The good news is that there are a bunch of other jobs still left. And for a long time yet there are still lots of IT jobs that are safe.
To be fair, low-skill programming jobs have been replaced for years. Lots of them outsourced offshore. (Does it matter if your job goes to AI or a Bengali?). But today's systems are huge, and complex, and require a lot more than what AI can do (impressive as that is.)
Frankly, if you work at a place, and you look around the room, and all you see are cogs in the machine, and you dont want to be a cog, then you're already in the wrong place.
AI is hype. It does do some things, but about 75-80% of the AI business value is based only on FOMO and not any kind of metric or economic factor. So, unless there is some radical revolutionary improvement to AI just put that out of your mind.

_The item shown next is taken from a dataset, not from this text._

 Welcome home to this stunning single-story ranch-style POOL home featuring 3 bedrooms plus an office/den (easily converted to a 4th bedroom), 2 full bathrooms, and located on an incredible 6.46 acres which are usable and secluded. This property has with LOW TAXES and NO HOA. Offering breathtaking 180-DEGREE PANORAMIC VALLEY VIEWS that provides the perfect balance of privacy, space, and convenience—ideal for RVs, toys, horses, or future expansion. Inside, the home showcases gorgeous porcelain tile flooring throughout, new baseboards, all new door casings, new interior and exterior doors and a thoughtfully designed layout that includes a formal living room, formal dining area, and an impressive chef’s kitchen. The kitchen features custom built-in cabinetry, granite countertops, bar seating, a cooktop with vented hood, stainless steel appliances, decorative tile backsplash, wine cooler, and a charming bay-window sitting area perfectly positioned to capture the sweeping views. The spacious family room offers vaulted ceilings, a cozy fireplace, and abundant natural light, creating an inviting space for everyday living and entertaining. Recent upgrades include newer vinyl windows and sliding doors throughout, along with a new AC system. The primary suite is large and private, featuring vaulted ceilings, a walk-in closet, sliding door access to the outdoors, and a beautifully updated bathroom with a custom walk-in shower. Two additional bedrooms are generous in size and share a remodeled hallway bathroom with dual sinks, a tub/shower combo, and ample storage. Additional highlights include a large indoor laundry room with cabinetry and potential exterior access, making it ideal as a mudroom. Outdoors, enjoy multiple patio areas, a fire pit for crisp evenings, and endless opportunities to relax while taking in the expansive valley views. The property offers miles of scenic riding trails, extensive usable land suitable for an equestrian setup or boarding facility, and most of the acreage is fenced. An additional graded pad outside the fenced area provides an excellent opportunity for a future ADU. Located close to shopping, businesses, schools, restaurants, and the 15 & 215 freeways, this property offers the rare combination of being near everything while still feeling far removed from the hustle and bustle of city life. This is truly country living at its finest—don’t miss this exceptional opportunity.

Now, it seems your concerns are anchored on employment and not anything regarding technology. I have been laid off during my career and survived many layoffs. The first round of layoffs I experienced in the big brand web world was the same year I received a negative review. I kept my job while other highly rated people were pushed out the door.

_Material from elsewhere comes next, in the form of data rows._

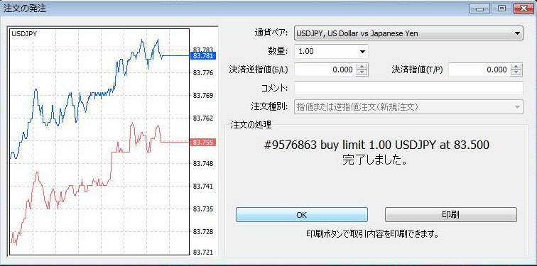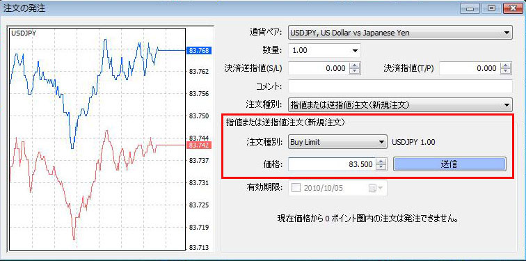 買いの場合は現在のプライスより低い価格を、売りの場合は現在のプライスより高い価格を入力します。
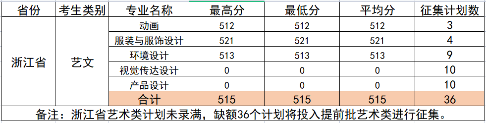 开云2021年浙江省艺术类第一次投档完成,出档4人,各专业出档分数如下:
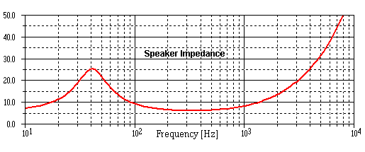 The first plot is the speaker impedance without the network connected, as expected there is a peak at the bass resonance frequency and a rising impedance at high frequencies because of the inductance of the voice coil.

Here is my learning about career sustainability:
* If you don't like what you do then all you are doing is funding a life style. If you both hate what you do AND do not have a shit ton of personal disposable income sitting in a bank account after 5 years its not worth it. Tell them to fuck off, take a hit to your income/lifestyle and do something else. You will thank me later. This one piece of advice will add years to your life.
* If you want to have a job that withstands all layoffs (aside from the business completely folding) do what is most needed. In my case I was a first year front end developer at Travelocity back in 2008 when the market crashed and before massive frameworks did your job for you. They couldn't hire front end developers to save their life. Its just like now in that most of the candidates were extremely childish or extremely incompetent, but now businesses looks the other way while colossal frameworks and tool sets do most of the work. I kept my job when others didn't because I was more valuable to the business, even with a shit annual review, than people who were cherished employees.

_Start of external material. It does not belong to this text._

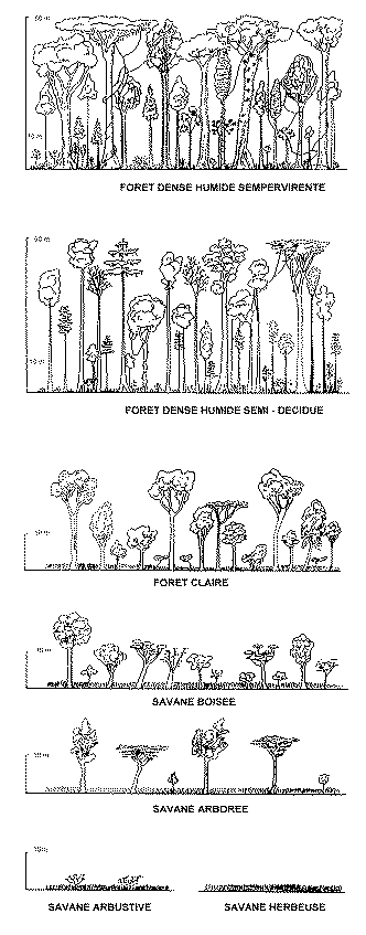 Les forêts denses humides Les forêts denses sempervirentes se situent dans des zones où la pluviométrie annuelle est supérieure à 2,000 mm avec moins de trois mois secs par an. Elles sont caractérisées par une structure complexe, une grande richesse floristique et animale et une prédominance d'essences à bois dur pouvant atteindre 40-50 mètres de hauteur. La canopée reste feuillée toute l'année, chaque arbre ayant un rythme propre de défoliation. Les forêts denses humides semi-décidues correspondent à une pluviométrie annuelle comprise entre 1,000 et 2,000 mm/an avec moins de six mois secs. Leur structure et leur composition floristique varient beaucoup en fonction de la pluviosité et des sols. Moins riches en espèces animales et végétales que les forêts sempervirentes, elles sont caractérisées par une chute partielle des feuilles en saison sèche. On y note une grande richesse en essences commerciales de valeur à bois tendre (hauteur 40-45 mètres). Les forêts de montagne poussent à des altitudes supérieures à 1,000 m. Selon le climat, ce sont en général des faciès des forêts denses humides. Les arbres et arbustes sont moins élevés que dans les formations de plaine. Elles sont riches en mousses et lichens épiphytes et espèces ombrophiles. Les forêts sèches Les forêts sèches apparaissent avec une pluviométrie annuelle comprise entre 600 et 1,200 mm/an avec moins de 8 mois secs/an. Leur structure est bistrate, avec une strate arborée décidue (hauteur 15-20 mètres) sous laquelle se développe une strate arbustive et graminéenne. Leur protection contre les feux de brousse est essentielle pour assurer leur viabilité. La disparition des ligneux s'accompagne du développement de la strate herbacée. Il existe des formations sèches de montagne. Les forêts claires se rencontrent dans les régions où la pluviométrie annuelle est comprise entre 300 et 600 mm/an. Ce sont des formations mixtes, ligneuses et herbacées, dont le couvert ligneux est inférieur à 50%. Dégradées, elles cèdent la place aux savanes arborées ou boisées où le couvert arboré dépasse rarement 15%. Les mangroves Ce sont des formations sempervirentes côtières poussant en dessous du niveau de la mer. Les espèces végétales, peu nombreuses, doivent supporter l'immersion temporaire en milieu halophile. Cet écosystème particulier offre un potentiel important de production diversifiée (bois, tanin, animaux marins...). Il est fragile, au même titre que les forêts marécageuses, ripicoles ou périodiquement inondées. Ces forêts sont étroitement liées à la dynamique hydrique du milieu qui les caractérise. |

* If you want to be taken seriously on the job do only two things well: 1) guard your time and 2) take care of people. Be ruthless about these two things. If you spend 4 hours a week actually doing your job and the coworker next to you spends 40 hours a week doing their job you are 10x more valuable. This is counter-intuitive because they are working hard you aren't doing shit. Hard work is not valued. Delivery is valued. If you want hard work to be valued then get out of IT and becoming an independent contractor of a trade skill. If you are a narcissist your more competent peers will see through your bullshit. Seriously, learn to take care of people.
* If you want to get promoted do only three things well: 1) deliver what your boss asks of you, 2) measure things, and 3) demonstrate superior communication and organizational skills. I have seen this work in the corporate world and I have heard these exact things more than once from brigadier generals in the US Army.
this is my opinion and feel free to debate or whatever.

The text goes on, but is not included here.